Ces entrées structurées et minimalistes, cet album en est imprégné. Comme sur « Omen-dalana », un titre crève-cœur où le chanteur crie son amertume d’avoir été plaqué par sa petite chérie. Décidément, cette dernière avait de quoi faire prendre la plume à Teddy Prezeau. Puisqu’elle est revenue dans les bras de son ex laissant son cœur arraché. Suffisant pour écrire des paroles et les mettre en chanson. Extrait. « Même lui s’est étonné de voir tes gestes/Et tu l’as choisi en me délaissant/Je n’ai pas insisté parce que c’est ton choix ». Mélangeant les sonorités funk, ce spectre strident qui accompagne le refrain, et les approches r’n’b de la fin des années ‘90, avec ce son cristallin en cascade.
Collaborateurs solides. Et c’est là toute la force de caractère de cet opus. Tellement les musiciens, Nix, Ralph, Rybota et Jz Rabibisoa approchent de la perfection, alors l’accompagnement est plus martial. Loin de l’accompagnement de meute, tel un travail de miroir entre la personnalité du chanteur et l’ensemble instrumental. Tantôt, on se laisse éblouir par la justesse des arrangements. Tantôt, l’auditeur s’accroche aux paroles. « Fitadiavana » a poussé dans ses retranchements son champ sonore. Pour mieux profiter de l’album, il faut plutôt être disposé à la réflexion. Cependant, les titres « Atmosphera », « Zanahary » ou « Veloma ianao » feraient mentir cette impression.

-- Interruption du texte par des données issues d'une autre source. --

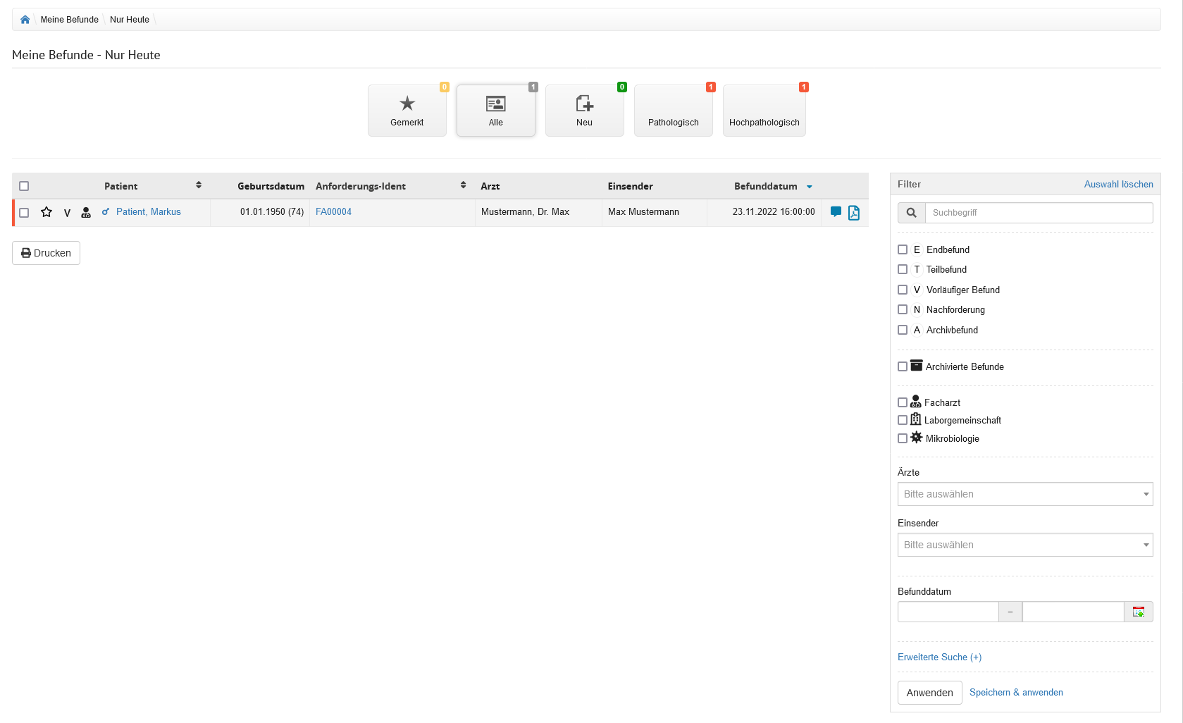 - "Nur Heute" - es werden alle heutigen Befunde angezeigt
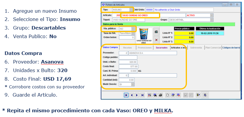 1.1. Creación del Nuevo Insumo: VASO SUNDAE GO OREO / MILKA
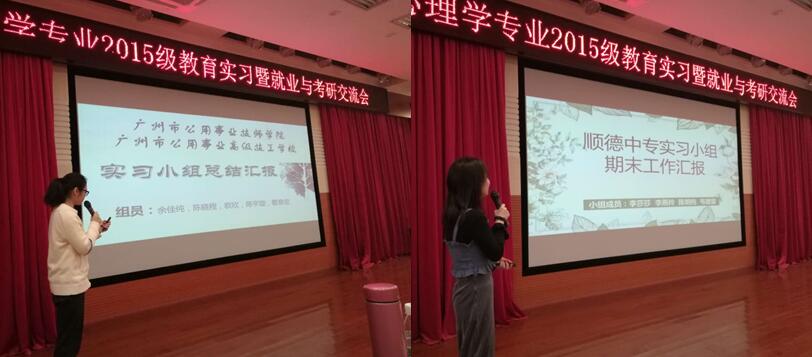 之后,各实习小组做了实习总结汇报,学生们详细介绍了在实习过程中所了解到的实习单位的基本情况、所在实习单位心理健康教育开展的现状等一般情况,并总结了自身在实习过程中的实践经验,介绍了在实习过程中的实践经验,包括具体的课程设计、授课、课外团体辅导、课外活动设计、学生个体心理咨询等活动。最后,学生们对自己在实习过程中的收获进行了总结,大家普遍认为实习的经历对师范生接下来的就业有非常重要的意义。

Ce dernier, retravaillé en duo avec Balita Marvin, est plutôt relâché. Par ailleurs, la richesse polyphonique domine toujours. Preuve que le chanteur est doublé d’un musicien, un très bon même, en pensant à ses prouesses aux percussions. Le titre qui soulève également cet album est « Tenim-pitia ». Cosmique, il réimprime cette ambiance électronique chère à Teddy Prezeau. L’occasion aussi pour le chanteur de démontrer sa puissance vocale en sillonnant avec facilité les basses et les aigues. Les trois minutes quarante de cette chanson passent rapidement. « Tenim-pitia », comme son nom l’indique est un florilège de parole d’amour et de promesse envers l’être aimé.
Avec ces trois chansons, cet album peut déjà se débrouiller. L’ensemble est solide, tandis que l’artiste donne l’impression qu’il pourra encore élargir ses horizons dans les années à venir. Débutant la musique dès son plus jeune âge, il a préféré se lancer sur un rythme qui correspondait à son époque. Il est difficile de placer strictement cet opus dans la catégorie de la musique urbaine. L’auditeur y entendra du jazz, du funk, de la soul et du r’n’b. Des mois après sa parution, il laisse toujours quelques petits mystères.